Siamo davvero consapevoli del ricco bagaglio teologico che si apre quando rispondiamo – magari senza pensarci, in modo automatico e abitudinario – al saluto del sacerdote Dominus vobiscum con la formula abituale Et cum spiritu tuo? La straordinaria bellezza insita in questo breve dialogo o, meglio, nello spazio dischiuso da alcune semplici parole pronunciate con chiarezza, merita un’analisi attenta, che vorremmo offrire in questo articolo come umile contributo alla riflessione sulla sinodalità[1].
Inoltre, il fatto stesso che questa ricchezza vada oltre l’ambito liturgico, il suo Sitz-im-Leben appropriato e nutriente, suggerisce che non esiste ambito della vita cristiana che non sia influenzato dal suo mistero. In altre parole, non ci può essere una vera koinonia se ciascuno dei partecipanti prima non fa sua la risposta Et cum spiritu tuo. Non c’è sinodalità se non si è convinti della forza performativa insita nell’Et cum spiritu tuo. Non può esserci diakonia sincera se colui che serve non scopre e non dice per primo Et cum spiritu tuo con tutto sé stesso, più che con le parole, discernendo in colui al quale serve – seguendo le parole del Maestro stesso (cfr Mt 25) – il tacito saluto Dominus vobiscum. Non ci può essere vera evangelizzazione della cultura né inculturazione del Vangelo se prima non si risponde Et cum spiritu tuo. Non ci può essere ascolto autentico se non ci si colloca nel soffio divino che è proprio dell’Et cum spiritu tuo.
Questa è una delle espressioni più sinodali che conosciamo. Non c’è dubbio che non si tratta semplicemente dello spirito umano del sacerdote come di qualcosa di naturale, come se questa espressione indicasse solo il suo nucleo vitale, ma della sua capacità di trascendere sé stesso e, soprattutto, del riconoscimento dell’attività dello Spirito Santo nell’essere umano, nel momento in cui nella sua fragilità egli si apre verso un altro essere altrettanto vulnerabile.

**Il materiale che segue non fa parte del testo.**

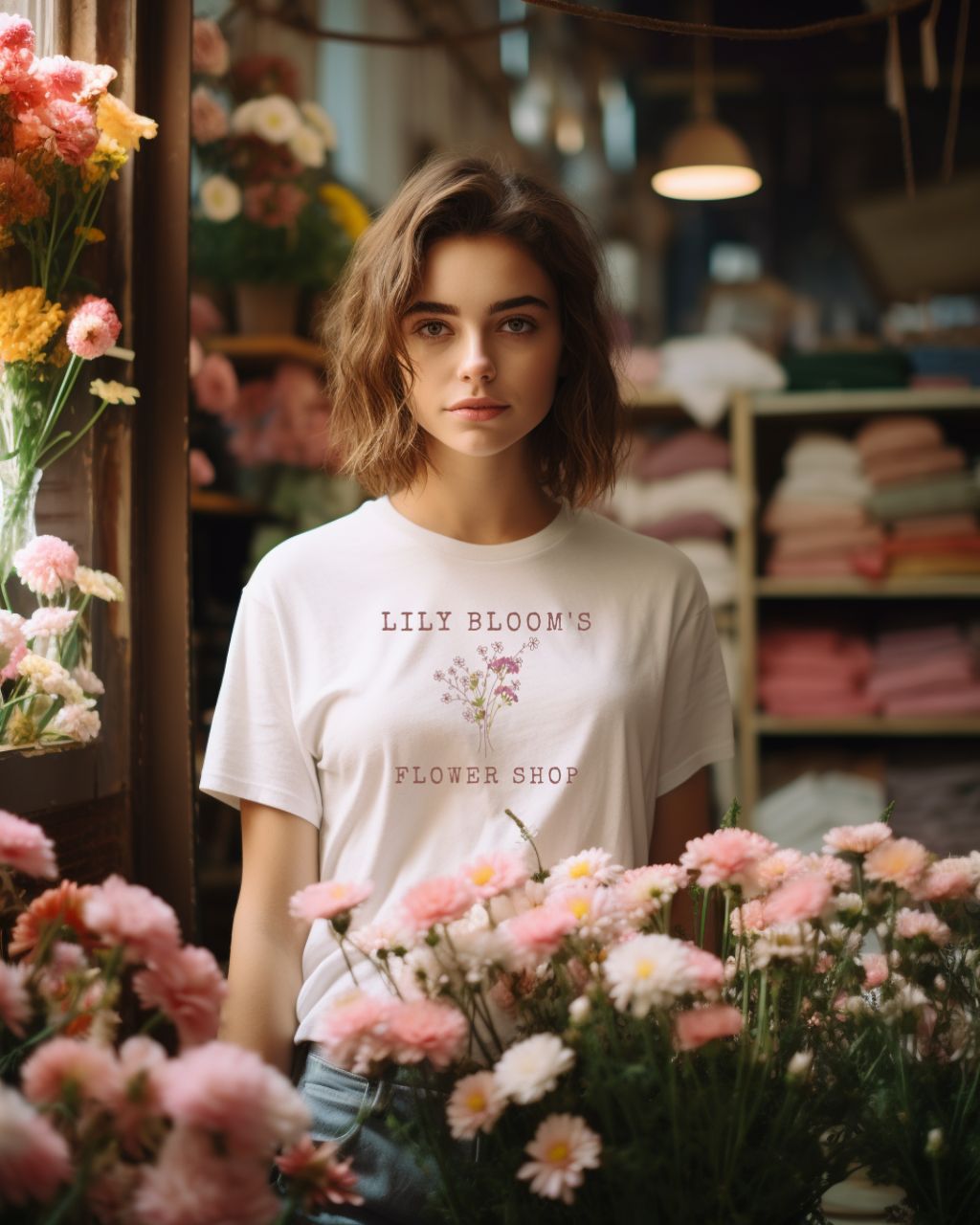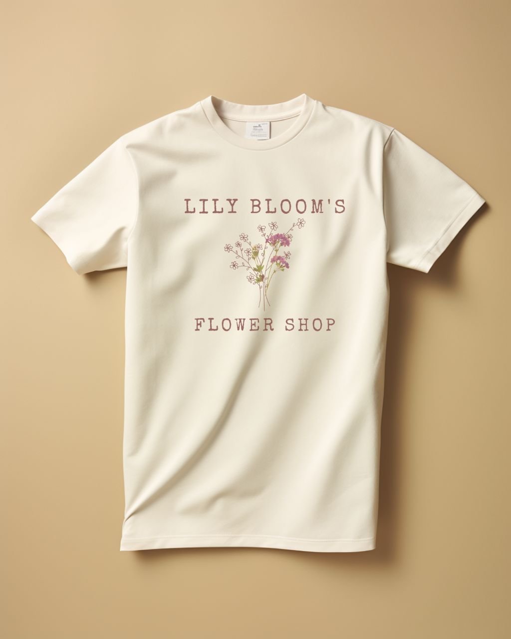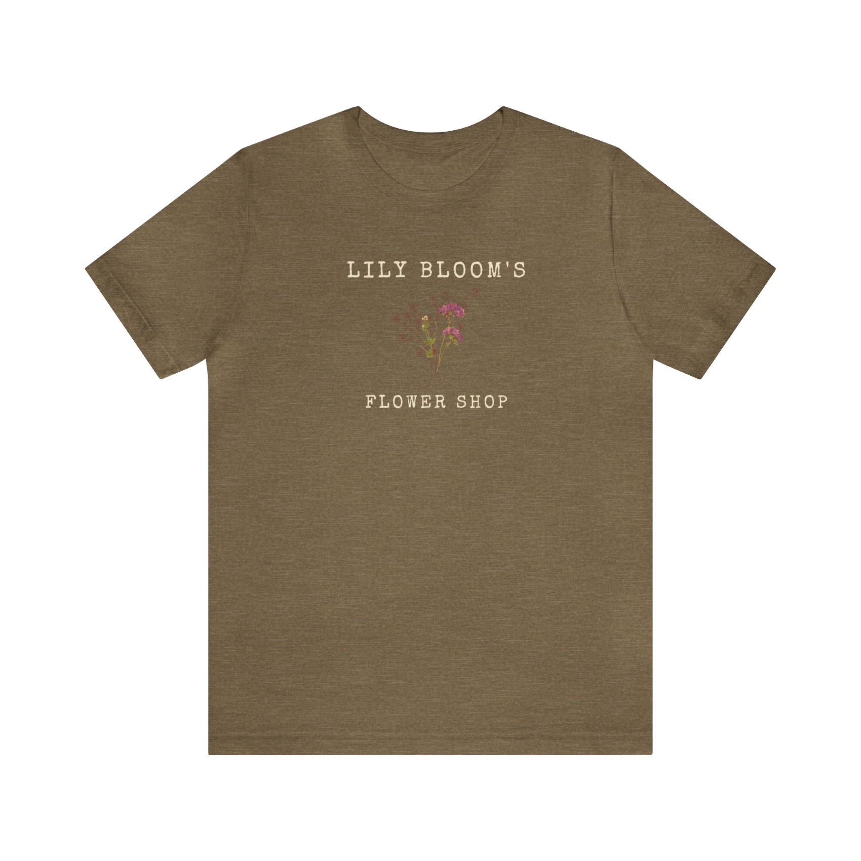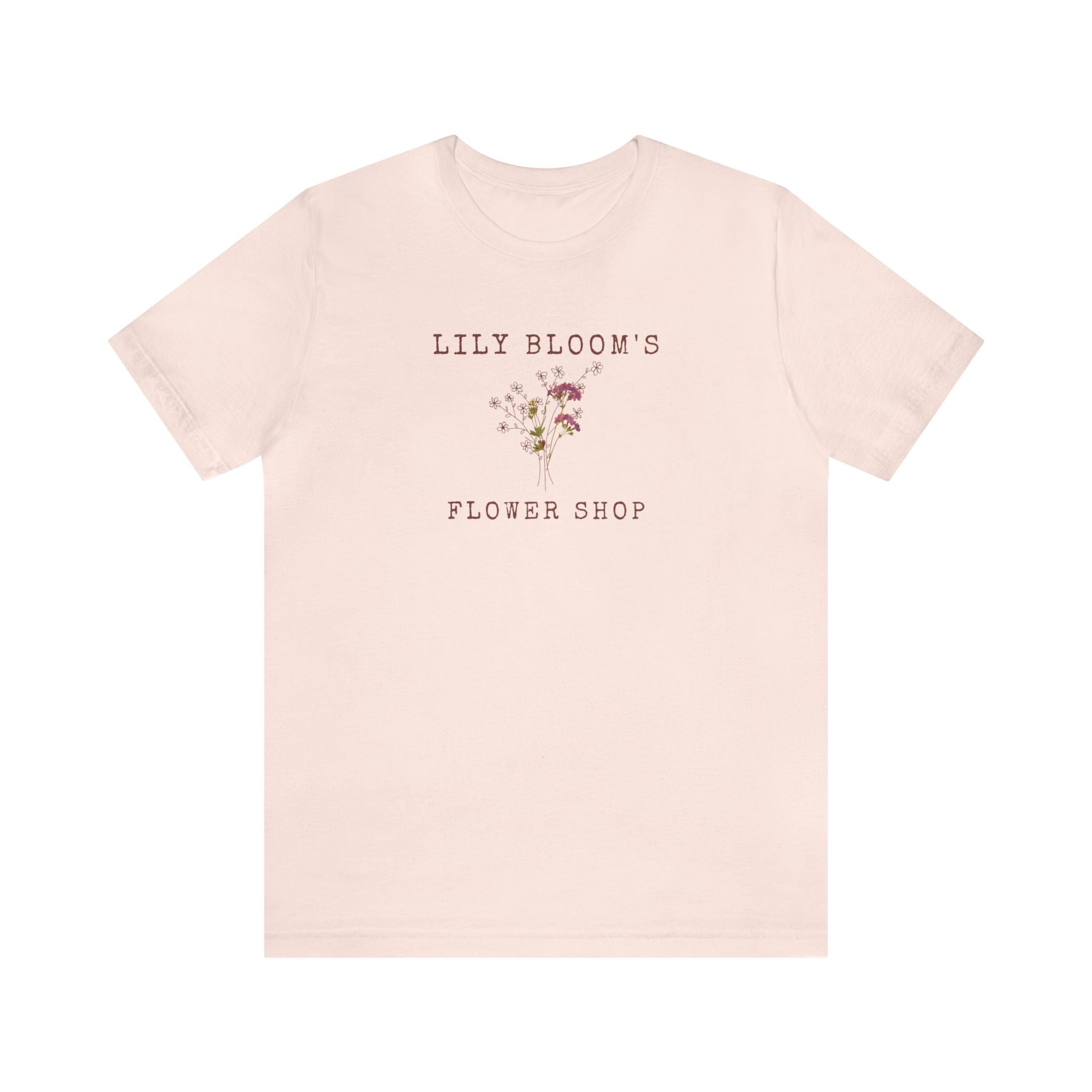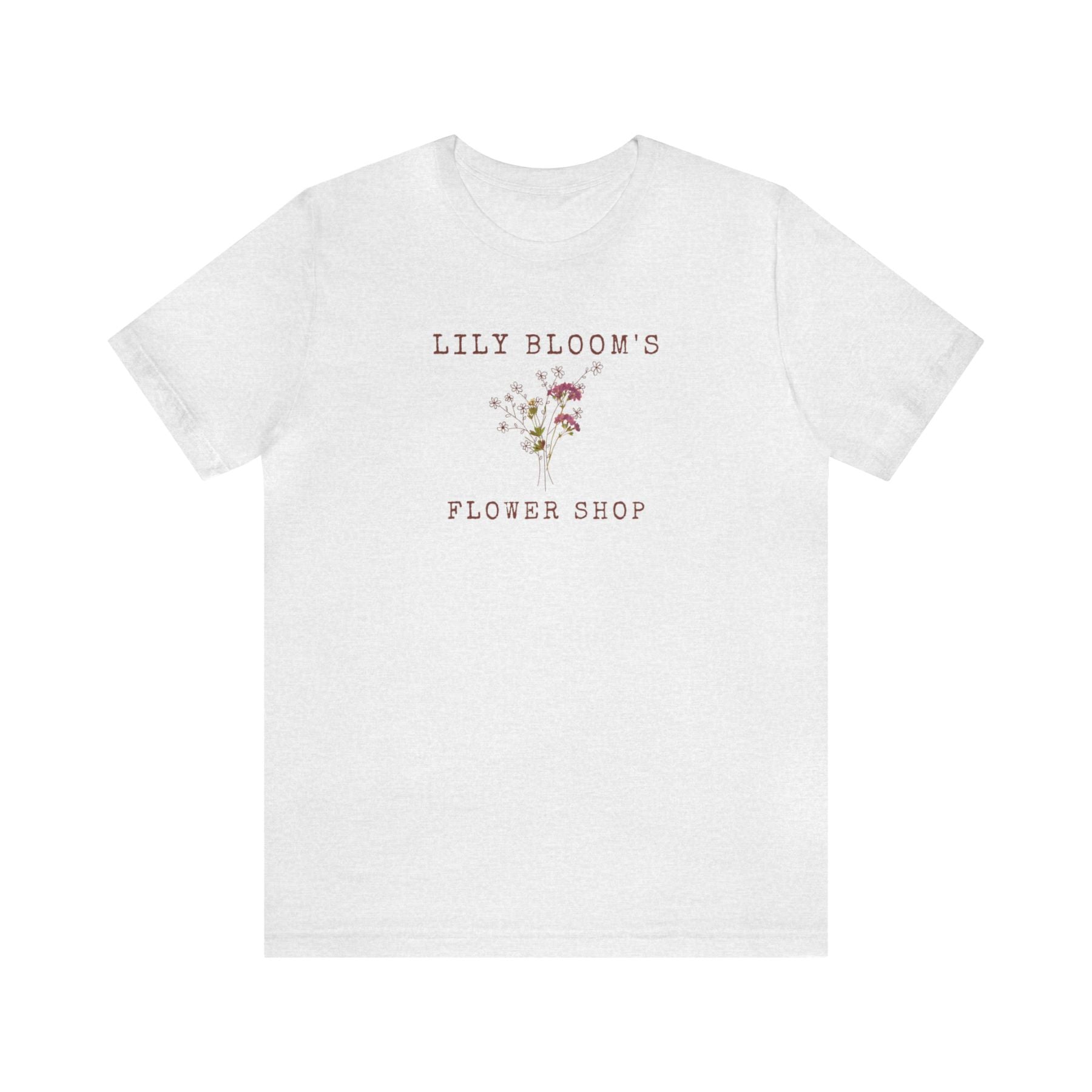 Our latest shirt design inspired by the book it ends with us - the "Lily Blooms" shirt with "Flower Shop" text. This shirt features a lovely bouquet of lilies in full bloom, with the words "Lily Blooms" written underneath in a clean and modern font. Below the bouquet, you'll find the text "Flower Shop" in bold lettering, giving it a professional and sophisticated look.

La polisemia del termine «spirito», che già nella sua origine ebraica collega la parte più intima dell’umano sia con il cosmico sia con il divino, e il carattere sfuggente dello Spirito, che si nasconde dietro la sua opera, ci permettono di interpretarla così.
In questo articolo metteremo in evidenza tre dimensioni teologiche dell’espressione Et cum spiritu tuo, che avvaloreranno non solo la legittimità di tale interpretazione, ma anche la sua idoneità ad aprire lo spazio sinodale in quanto questa espressione è comunitaria, pneumatologica e materna.